CNRP describe tactics used to urge defections

Officials from the recently dissolved Cambodia National Rescue Party in Battambang yesterday described coercive tactics allegedly used by police to compel opposition members to defect to the ruling party.

On November 16, the Supreme Court ruled to dissolve the CNRP, the only credible competitor to the ruling Cambodian People’s Party. Before and after the ruling, Prime Minister Hun Sen encouraged members of the opposition to defect to his party, with opposition figures across the country accusing authorities of engaging in intimidation tactics to compel their defections.

Ven Vath, a former CNRP commune councillor in Battambang’s Ek Phnom district, described being accused of a crime by police, then being presented with a document to thumbprint declaring his defection.

“On November 17 the police came to take down the party banner at the office. At first I did not know who they were. A day later I said, ‘Doing this is like robbery in broad daylight,’” Vath recounted yesterday.

“The CPP activists in the village heard what I said,” he continued, explaining that he was soon contacted by police, who took him to a building in town where they accused him of obstructing the removal of the banner, then offered him the defection notice. Though he thumbprinted the document, Vath declined to say outright that he was forced to defect.

“Now, even after I thumbprinted to agree to defect to them, they still follow me. It seems like they don’t trust me . . . They still discriminate against us. The commune chief is still in hiding,” he said.

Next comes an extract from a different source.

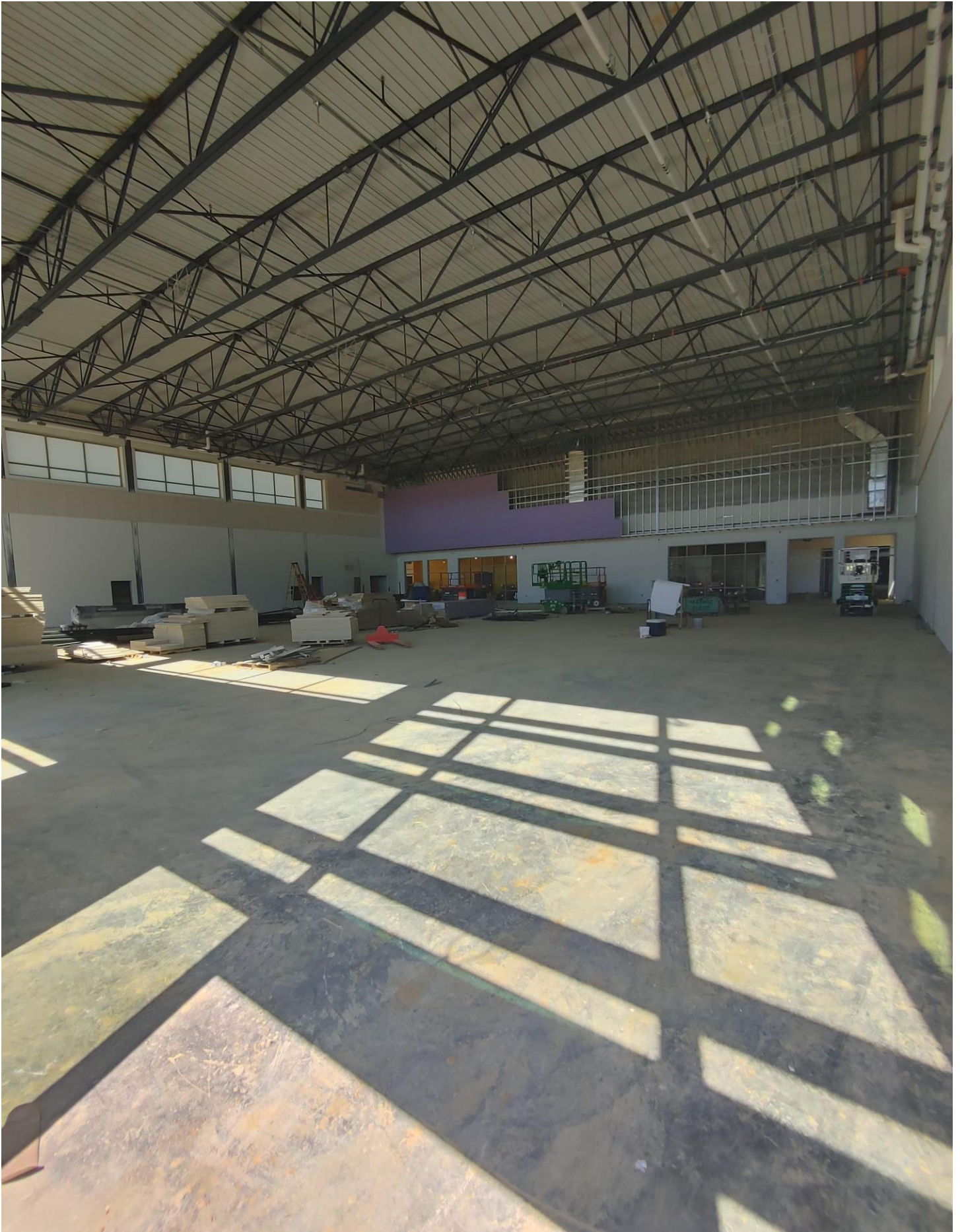
Photo 15 - Gymnasium. Sheetrock is being hung.

Khut Savey, a former district-level CNRP official in the same district as Vath, said four former officials were bribed on the night of Hun Sen’s November 26 defection deadline.

“The commune chief gave them each 1 million riel. Two agreed to defect, but two others did not. They attempted to give the money back to the commune chief, but he did not accept it,” Savey said.

Local CPP and police officials could not be reached.

Kin Leung, the former executive of CNRP’s Prey Veng branch, said most defections there had also been involuntary.

“Those who were forced to defect and rejected are in hiding. Some fled to Phnom Penh, some fled to Thailand,” Leung said.

Phil Robertson at Human Rights Watch said commune officials were in particular danger because “it’s easier to intimidate someone who has less stature and fewer alliances”. He also called on the Thai government to be lenient on any political refugees.